Я украдкой посмотрел на Степана, который сосредоточенно вёл машину по разбитой дороге. Его глаза не горели звериным желтым, но отблеск – странная лимонная рябь в радужке – оставался.
– И... э-э... – запнулся я, – у тебя с глазами всё в порядке?
Степан отвёл взгляд от дороги, осмотрел меня усталым желтоватым взглядом.
– С глазами? – переспросил он.
– Ну да... Они у тебя пожелтели. Это болезнь? Или врожденное? – выпалил я, чувствуя себя идиотом.
Степан фыркнул, уголок рта дрогнул.
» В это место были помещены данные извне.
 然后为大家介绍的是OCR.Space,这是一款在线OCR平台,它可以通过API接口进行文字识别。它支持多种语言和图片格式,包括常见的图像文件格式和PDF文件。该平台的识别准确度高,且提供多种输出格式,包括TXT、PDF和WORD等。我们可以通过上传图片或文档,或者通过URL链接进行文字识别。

Казалось, он размяк после передряги.
– Не болезнь. И не врожденное. Это... наследственное. Со стороны матери, – сказал с невозмутимой серьезностью. Я понял – никакого диагноза не получу и не хочу.
Мы ехали дальше. Молчание сменилось усталой понималкой. Степан заговорил, будто стресс заставил.
– Аграфена, – произнёс он, пробуя имя на вкус. – И Маргарита Павловна. Они... из двух кланов.
– Кланов? Мафии? – съехидничал я.
– Аграфена... и Маргарита Павловна. Они не то чтобы... люди. Не совсем. И их соперничество... это не только женские схватки. Это... дело другой природы.
Я повернулся к нему, не понимая. «Не люди»? Это что, фигура речи такая? Типа, «она – монстр»?
– В каком смысле? – осторожно спросил я.
Степан тяжело вздохнул, пальцы постучали по рулю.
– В прямом. Они из старых... семей. Очень старых. У них свои законы. Своя... биология. Шабаши, зелья, превращения... для них это обычная жизнь, Геннадий Аркадьевич. Как для тебя – армейский устав.
В его словах не было ни намёка на шутку. В этот миг что-то в моём сознании, с таким трудом выстроенное за утро, рухнуло.
В голове застучала паническая, бешеная дробь: «Не люди... Превращения... Слышал о нечисти... Они среди нас...».
Кровь отхлынула от лица, в ушах зазвенело. Я сжал сиденье, чувствуя, как мир плывёт.
«Надо валить. Сейчас же. Остановить машину, выйти и бежать. Бежать без оглядки. Это дурдом. Они все ненормальные. Или я...»
– Я... может, я сплю? – выдавил я хрипло, глядя на руки, будто видя их впервые. – Это сон? Или... – взгляд упал на термос с чаем. – В чае что-то было? Наркота? Галлюцинации?
Я почти ждал, что Степан рассмеётся или обругает меня. Но он снова посмотрел на меня тем же усталым, жёлтым взглядом.
– Чай обычный. Ты не спишь. И это не галлюцинация. Просто мир... он не такой, как тебя учили. Он больше. И мы... – он сделал паузу – мы часть того, что в нём скрыто.
«МЫ».
Он имел в виду не только продавцов с рынка. Он имел в виду и себя, и хозяев.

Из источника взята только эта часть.